→ Try it: The material below holds the lines to copy: from the one with "Portrait of two" up to and including the one with "天猫千百度厚底小白鞋女春季新款圆头增高时尚板鞋日常通勤百搭休闲鞋". Copy them exactly and skip the pictures.

→ Data section:
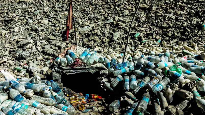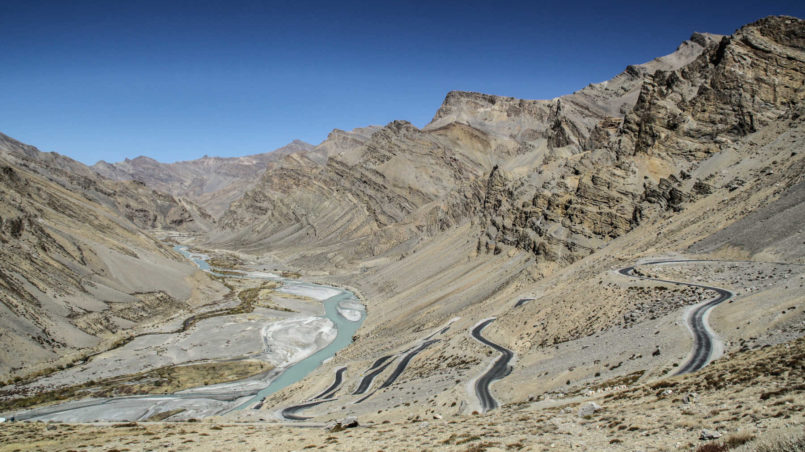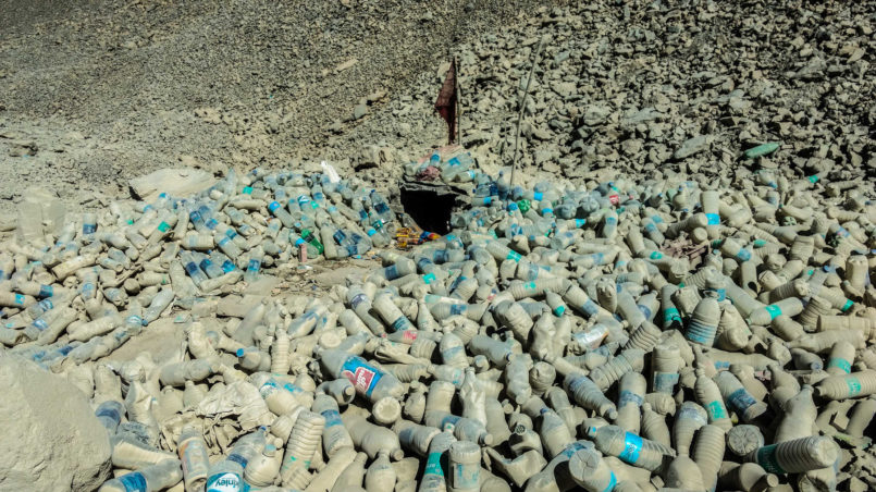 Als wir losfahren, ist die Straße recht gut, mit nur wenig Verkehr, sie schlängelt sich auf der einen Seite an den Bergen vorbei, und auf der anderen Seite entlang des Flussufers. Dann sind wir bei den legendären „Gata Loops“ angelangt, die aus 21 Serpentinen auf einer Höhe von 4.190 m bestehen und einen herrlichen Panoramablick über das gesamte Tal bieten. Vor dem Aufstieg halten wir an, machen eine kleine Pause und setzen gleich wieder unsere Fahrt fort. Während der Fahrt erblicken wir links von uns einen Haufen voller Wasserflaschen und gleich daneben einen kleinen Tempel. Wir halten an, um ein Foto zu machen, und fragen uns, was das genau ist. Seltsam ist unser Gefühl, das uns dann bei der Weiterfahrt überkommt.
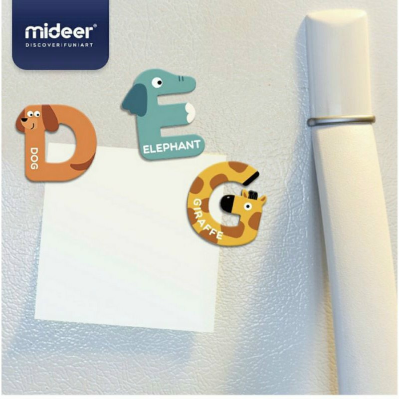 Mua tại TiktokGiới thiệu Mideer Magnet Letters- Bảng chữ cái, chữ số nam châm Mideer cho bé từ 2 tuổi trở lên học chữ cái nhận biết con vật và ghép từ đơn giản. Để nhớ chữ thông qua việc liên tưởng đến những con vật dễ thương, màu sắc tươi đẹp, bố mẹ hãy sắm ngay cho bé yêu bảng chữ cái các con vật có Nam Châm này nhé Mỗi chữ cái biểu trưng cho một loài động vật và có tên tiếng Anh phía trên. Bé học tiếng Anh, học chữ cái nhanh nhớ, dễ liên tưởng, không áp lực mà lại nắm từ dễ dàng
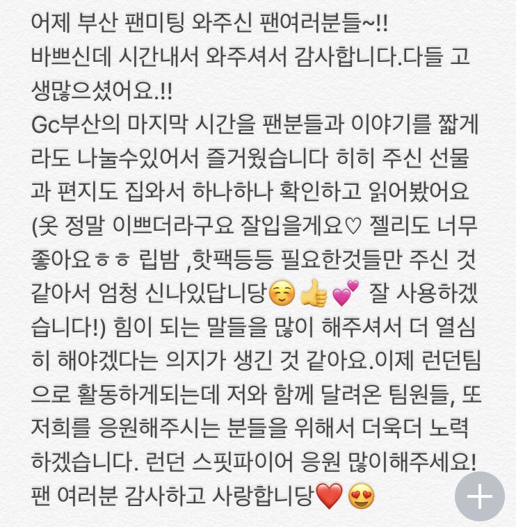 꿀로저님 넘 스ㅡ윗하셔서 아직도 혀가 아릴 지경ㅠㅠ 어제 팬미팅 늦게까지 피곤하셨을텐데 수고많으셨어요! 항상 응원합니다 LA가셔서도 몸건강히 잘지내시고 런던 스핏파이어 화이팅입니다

---

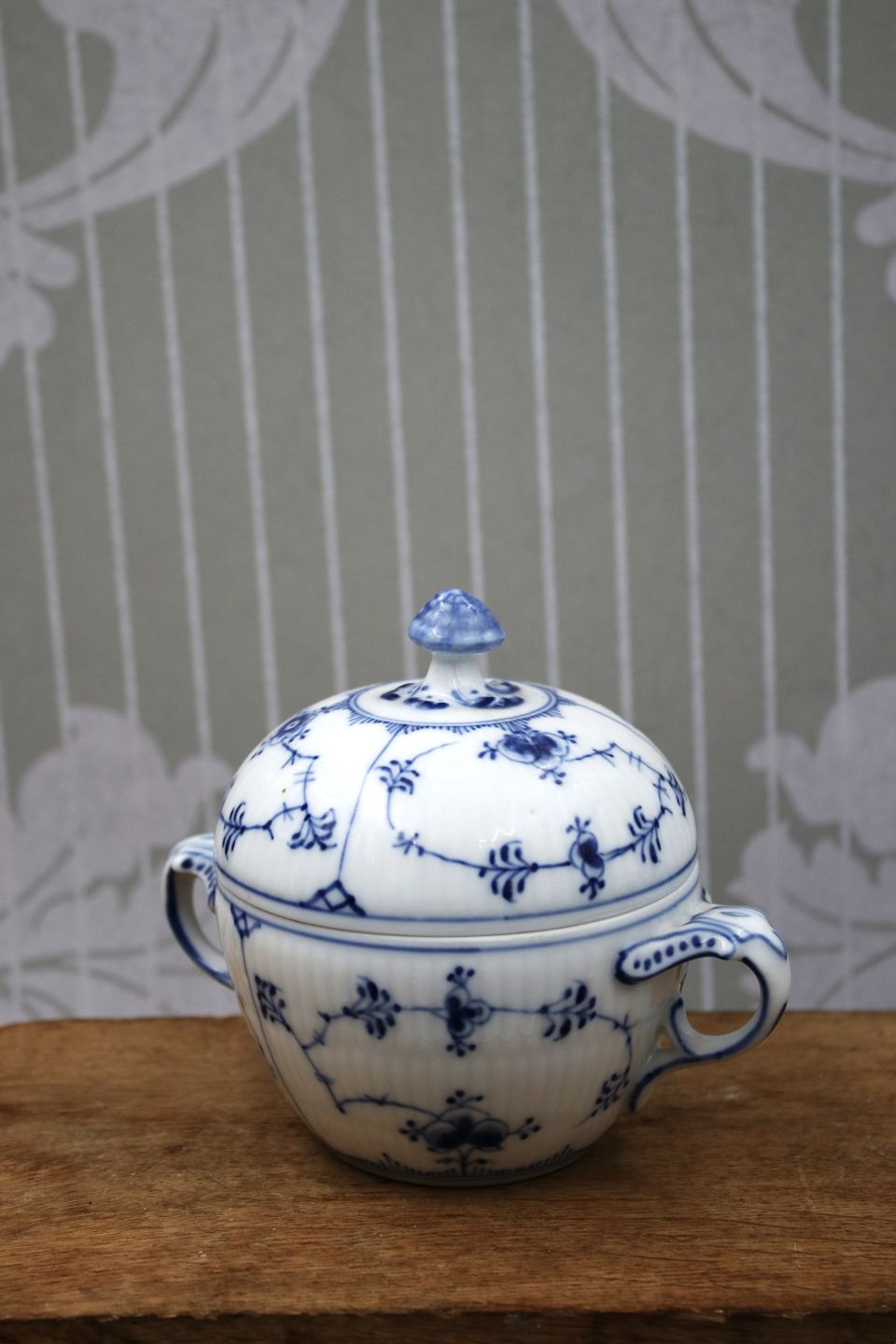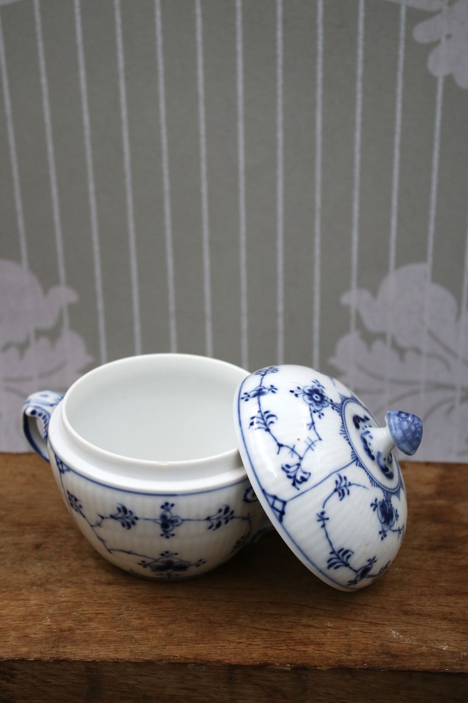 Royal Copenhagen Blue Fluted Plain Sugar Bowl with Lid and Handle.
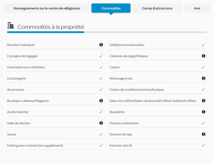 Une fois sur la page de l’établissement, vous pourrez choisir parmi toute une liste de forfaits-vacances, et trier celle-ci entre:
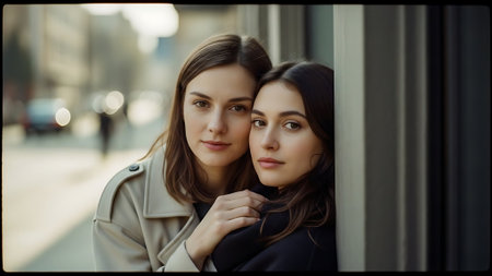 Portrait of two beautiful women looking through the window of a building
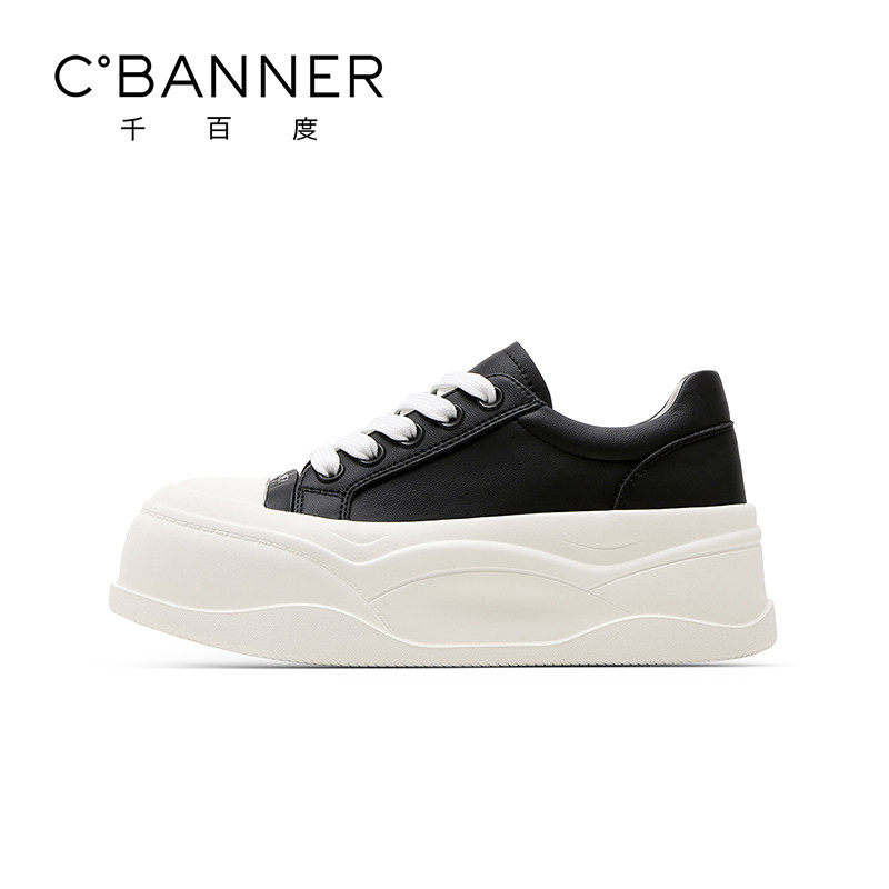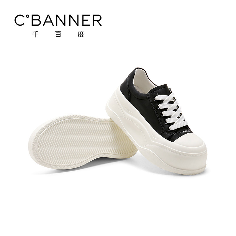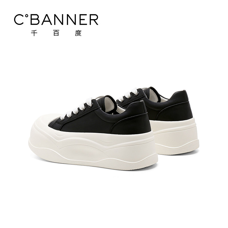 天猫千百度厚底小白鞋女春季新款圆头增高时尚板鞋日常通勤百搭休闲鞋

→ Finished exercise:
 Portrait of two beautiful women looking through the window of a building
 天猫千百度厚底小白鞋女春季新款圆头增高时尚板鞋日常通勤百搭休闲鞋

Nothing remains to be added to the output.